→ **ABOUT THIS TASK**
Could you retype the lines below, starting at the line holding "Busta jednoho z" and stopping at the line holding "The house is", inclusive? Copy them exactly and drop the images.

→ **DATASET ENTRIES**
------------------------------

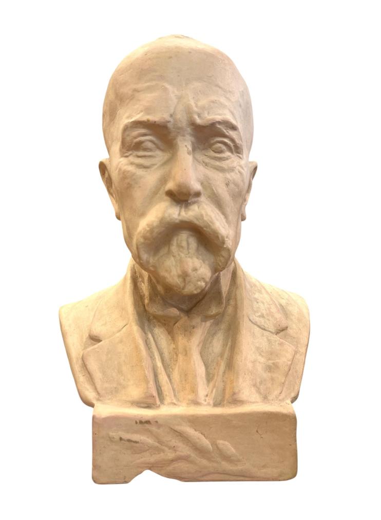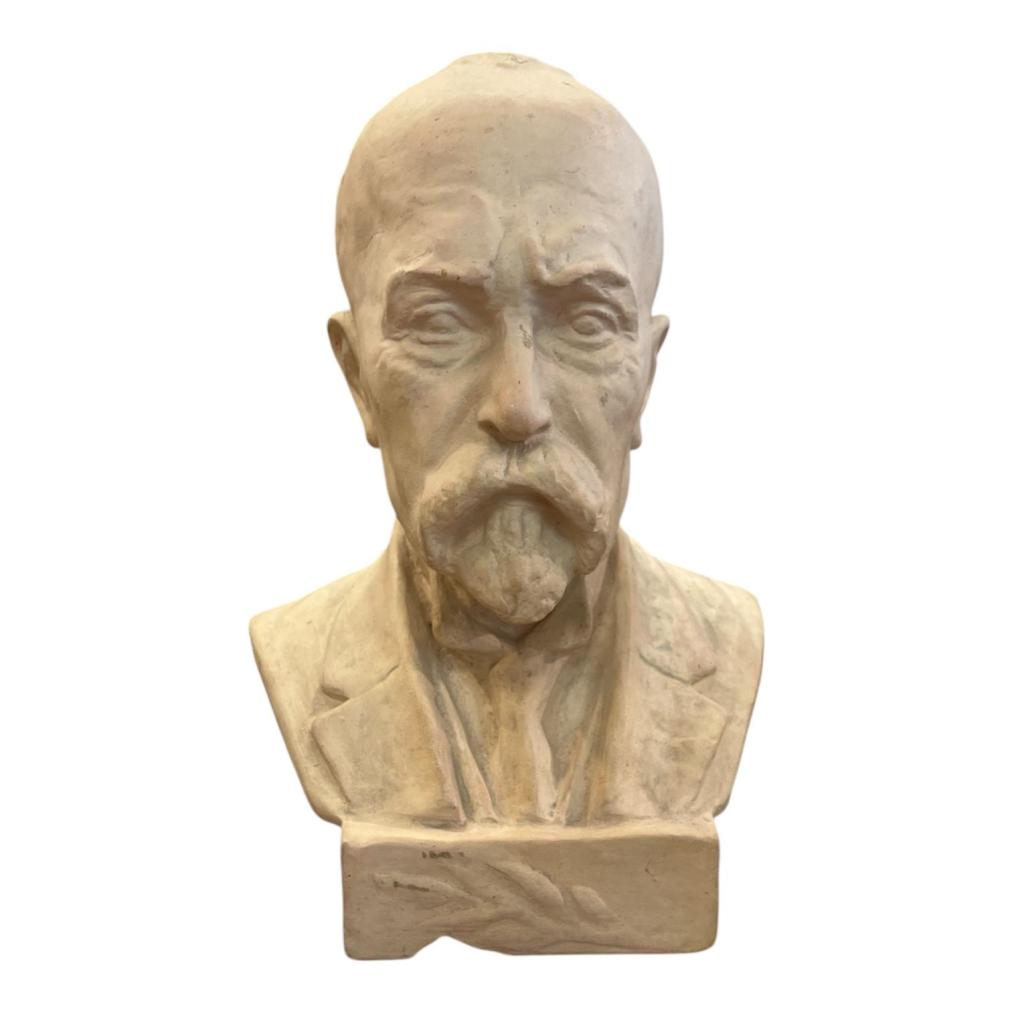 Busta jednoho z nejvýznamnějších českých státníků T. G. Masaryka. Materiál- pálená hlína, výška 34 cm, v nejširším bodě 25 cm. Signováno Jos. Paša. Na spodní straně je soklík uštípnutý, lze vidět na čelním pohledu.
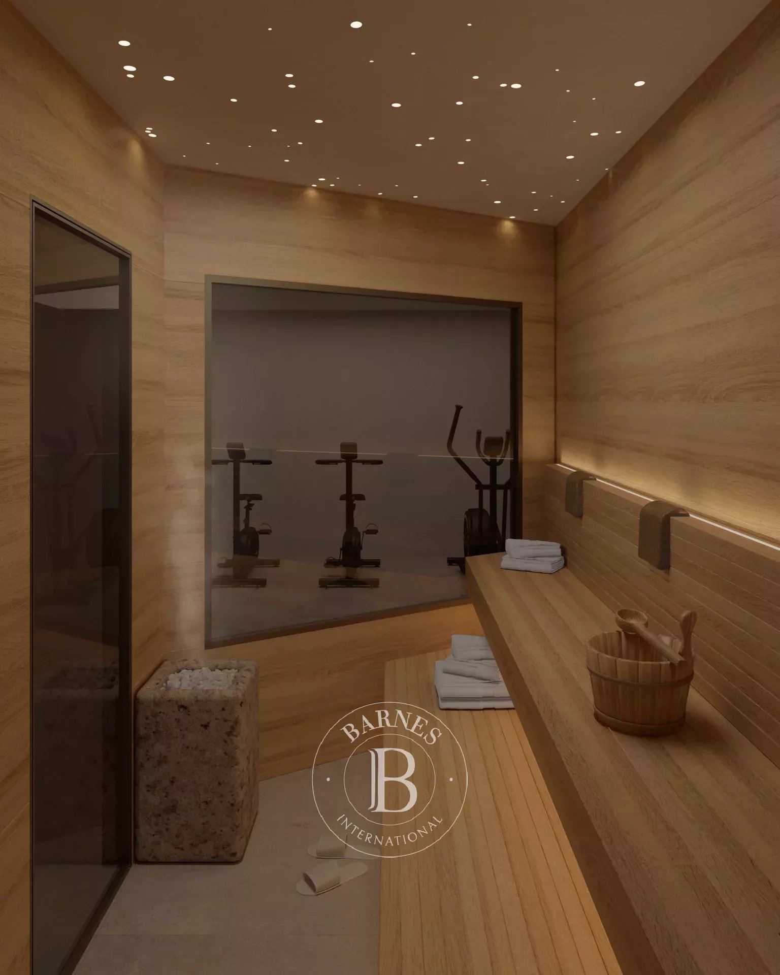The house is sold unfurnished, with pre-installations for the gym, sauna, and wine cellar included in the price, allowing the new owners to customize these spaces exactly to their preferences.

------------------------------

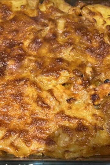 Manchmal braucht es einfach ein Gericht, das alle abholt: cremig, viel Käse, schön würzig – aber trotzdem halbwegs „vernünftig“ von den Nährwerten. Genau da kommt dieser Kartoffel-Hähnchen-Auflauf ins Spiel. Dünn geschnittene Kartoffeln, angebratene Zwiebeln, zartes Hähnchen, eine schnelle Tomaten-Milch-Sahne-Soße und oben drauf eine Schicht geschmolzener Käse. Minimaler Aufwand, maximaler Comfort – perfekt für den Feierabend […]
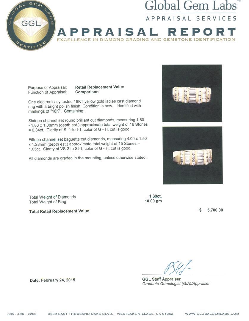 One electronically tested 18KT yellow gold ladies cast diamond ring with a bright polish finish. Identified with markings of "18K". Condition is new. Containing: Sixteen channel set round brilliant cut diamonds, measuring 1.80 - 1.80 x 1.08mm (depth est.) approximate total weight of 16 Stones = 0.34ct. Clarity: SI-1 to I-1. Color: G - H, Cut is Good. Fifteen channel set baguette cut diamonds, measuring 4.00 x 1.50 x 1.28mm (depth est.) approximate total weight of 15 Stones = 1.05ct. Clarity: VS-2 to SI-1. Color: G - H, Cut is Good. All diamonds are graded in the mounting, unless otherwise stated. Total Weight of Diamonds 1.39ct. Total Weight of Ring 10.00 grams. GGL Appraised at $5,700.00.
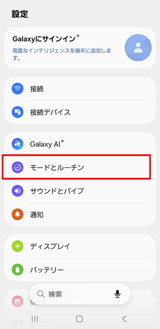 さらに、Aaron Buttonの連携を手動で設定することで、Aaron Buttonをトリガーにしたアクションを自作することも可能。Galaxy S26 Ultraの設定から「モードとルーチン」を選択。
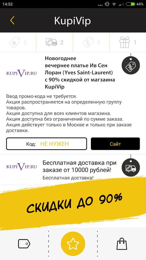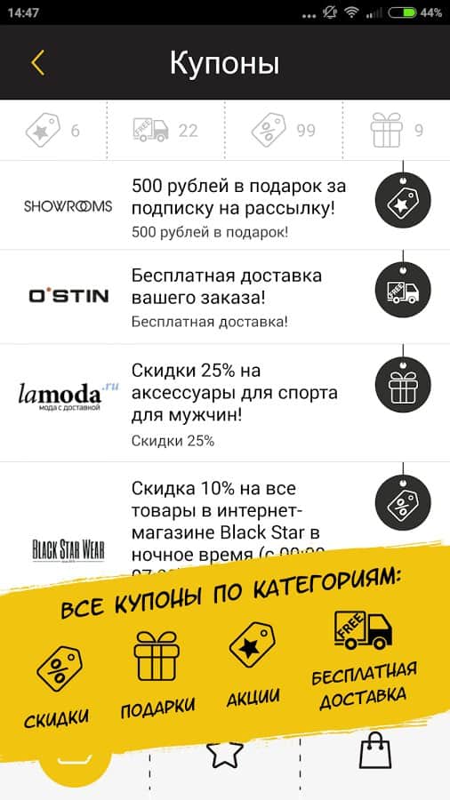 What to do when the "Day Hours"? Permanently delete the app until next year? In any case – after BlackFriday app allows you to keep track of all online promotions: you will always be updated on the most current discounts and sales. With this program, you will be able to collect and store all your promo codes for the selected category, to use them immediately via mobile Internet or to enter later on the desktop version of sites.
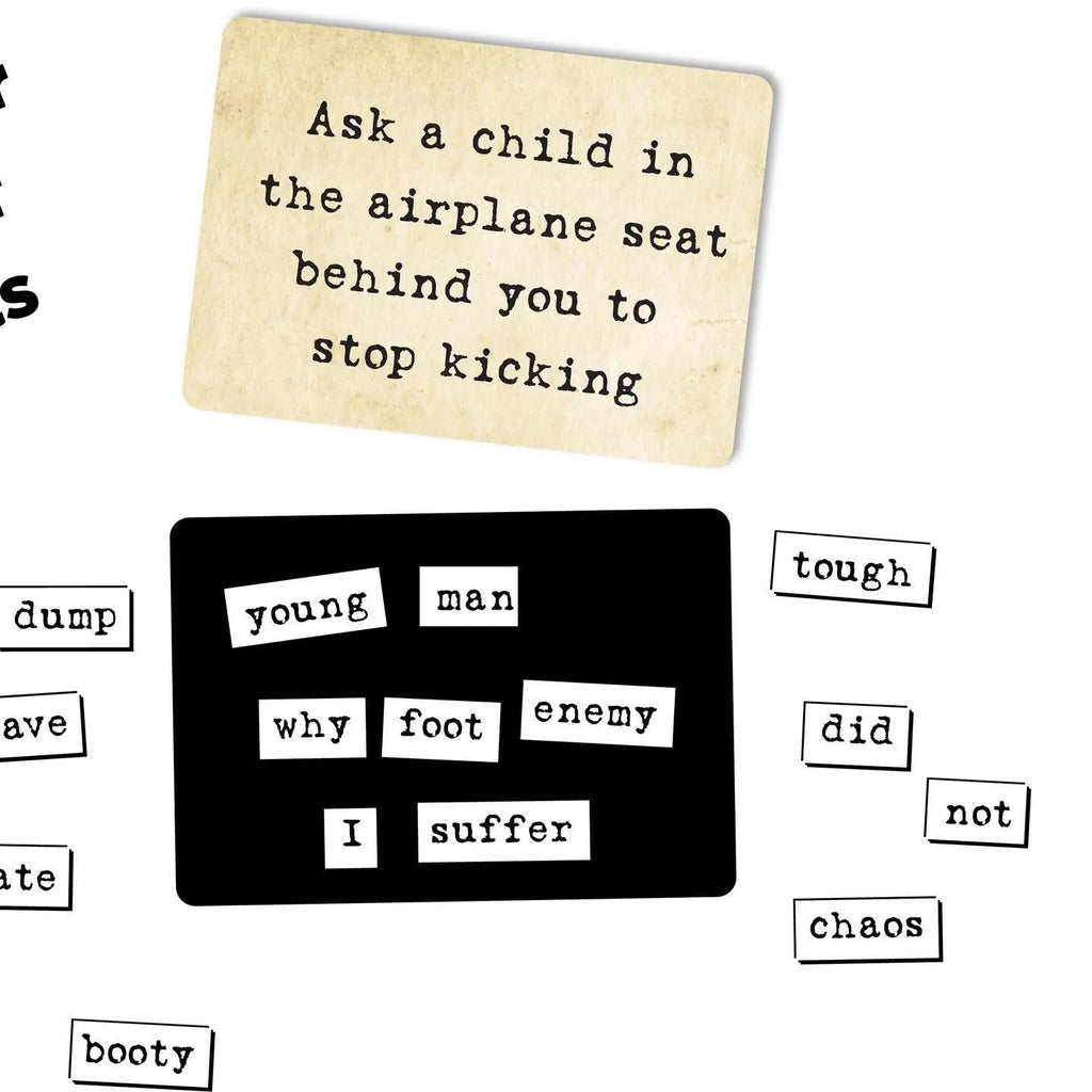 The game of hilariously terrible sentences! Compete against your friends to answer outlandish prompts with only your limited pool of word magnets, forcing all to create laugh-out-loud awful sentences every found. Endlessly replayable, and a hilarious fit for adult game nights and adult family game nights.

------------------------------

→ **ANSWER TO THIS PROBLEM**
 Busta jednoho z nejvýznamnějších českých státníků T. G. Masaryka. Materiál- pálená hlína, výška 34 cm, v nejširším bodě 25 cm. Signováno Jos. Paša. Na spodní straně je soklík uštípnutý, lze vidět na čelním pohledu.
The house is sold unfurnished, with pre-installations for the gym, sauna, and wine cellar included in the price, allowing the new owners to customize these spaces exactly to their preferences.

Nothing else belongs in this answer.